Medicare Compliance & Reimbursement

PART D:

Pharmas Work To Cover 'Doughnut Hole' For Low-Income Benes

Coalition lacks major players--kickback issues could arise.

In an attempt to forestall potential problems with the Medicare Part D benefit, several pharmaceutical companies have joined together to develop a plan to provide discounted prescription drugs to Medicare beneficiaries who reach the doughnut hole in their coverage. The coalition could potentially save substantial out-of-pocket costs for those seniors who don't qualify for subsidies. But health plans need to watch out for abuse within the system, experts warn.

The so-called "Bridge Rx" program would supply qualifying Medicare benes with discounted drugs, often up to 50 percent reduced cost. This proposal is significant because as many as 6.9 million Part D enrollees will reach the doughnut hole in 2006, according to the Kaiser Family Foundation.

Seven drug companies have announced their intention to join the Bridge Rx coalition, including AstraZeneca, Johnson & Johnson, Novartis and Bristol- Myers Squibb.

Medicare benes with annual incomes between $14,000 and $18,620 would qualify for the program, as would those benes who make less than $14,000 but can't obtain subsidies because of disqualifying assets. The program anticipates a $30 million budget, serving as many as half a million qualifying Medicare benes.

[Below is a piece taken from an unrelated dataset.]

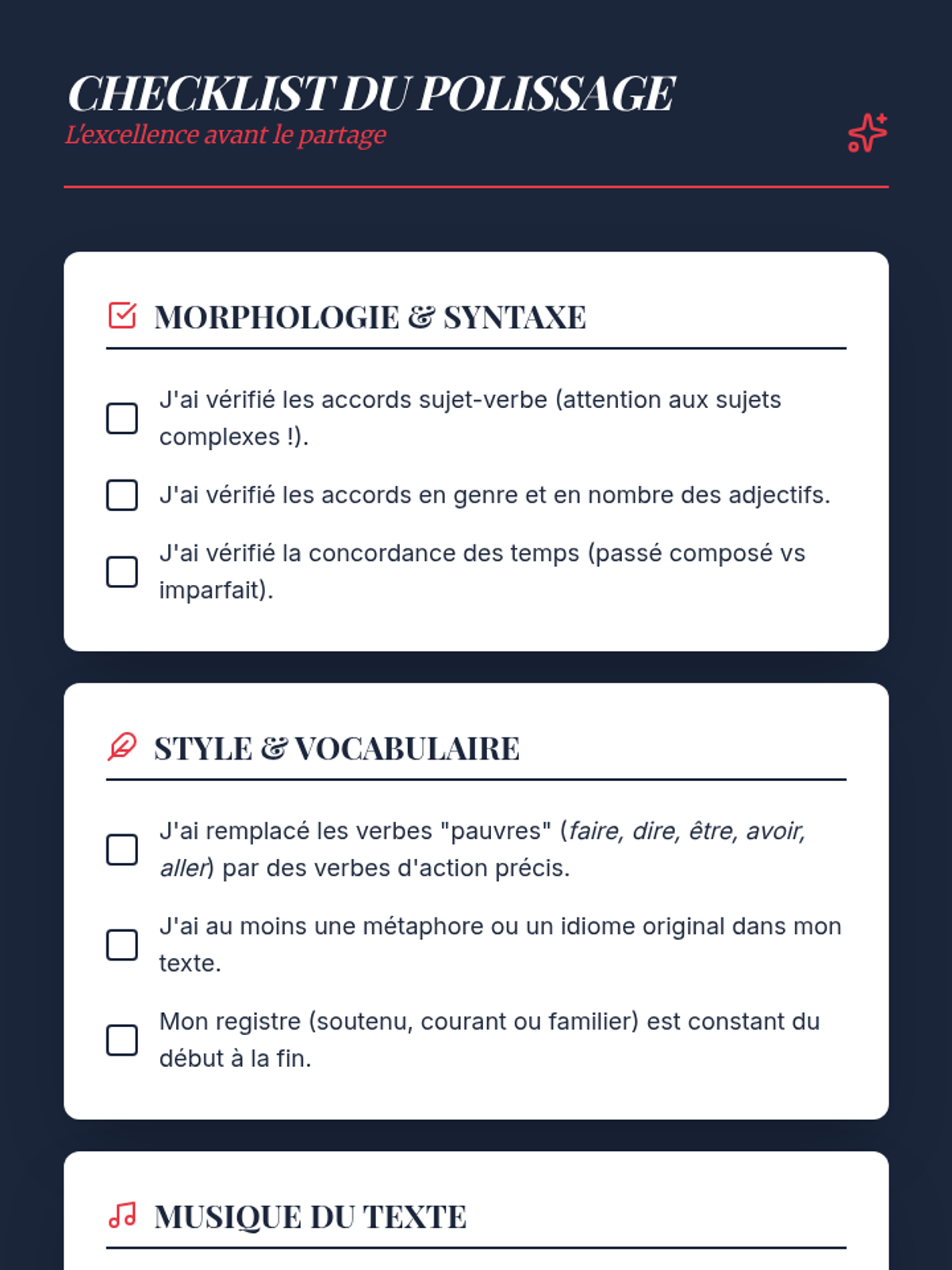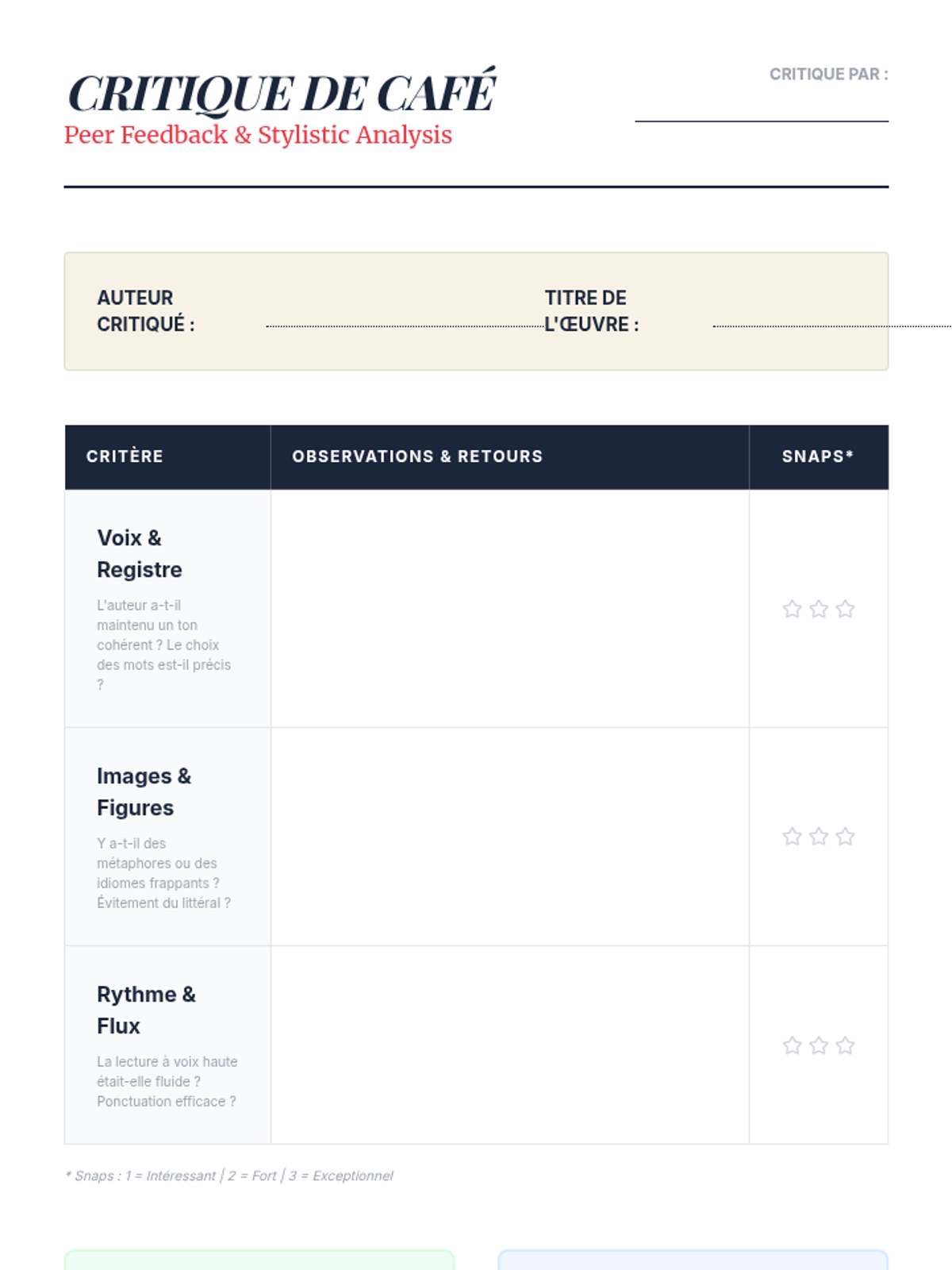 The sequence culminates in a polished creative piece, emphasizing the oral rhythm of language through a 'Café Littéraire' reading and peer critique.

"Millions of low-income individuals are not eligible for subsidies," says Dan Mendelson, president of Avalere Health in Washington, D.C. "There is definitely a need."

But there is also a downside. Although the Bridge Rx coalition might help save plans' Medicare benes from severe out-of-pocket costs, the program could end up costing plans more. For one thing, widespread participation will be necessary for the program to work, or else plans will need to worry about the potential for kickbacks.

The HHS Office of Inspector General insists that such a plan will work only if it offers "a broad range of drugs, including generics" so that drug companies can't use the discounts to steer patients solely to their own brands.

This is a standard legislative and regulatory hurdle, says Mendelson. "It prohibits pharmaceutical industry contributions [such as rebates] from counting against true out-of-pocket costs. On the other hand, there's no historical precedent for this situation, so it's possible to write the plan to avoid this problem."

The OIG also cites the need to implement safeguards to ensure that benes don't switch from generics to brand-names, and to offer uniform discounts for all drugs. If the program doesn't follow these policies, Bridge Rx could become little more than a moneymaking scheme, depending on "how patients feel about what they were sold," Mendelson remarks.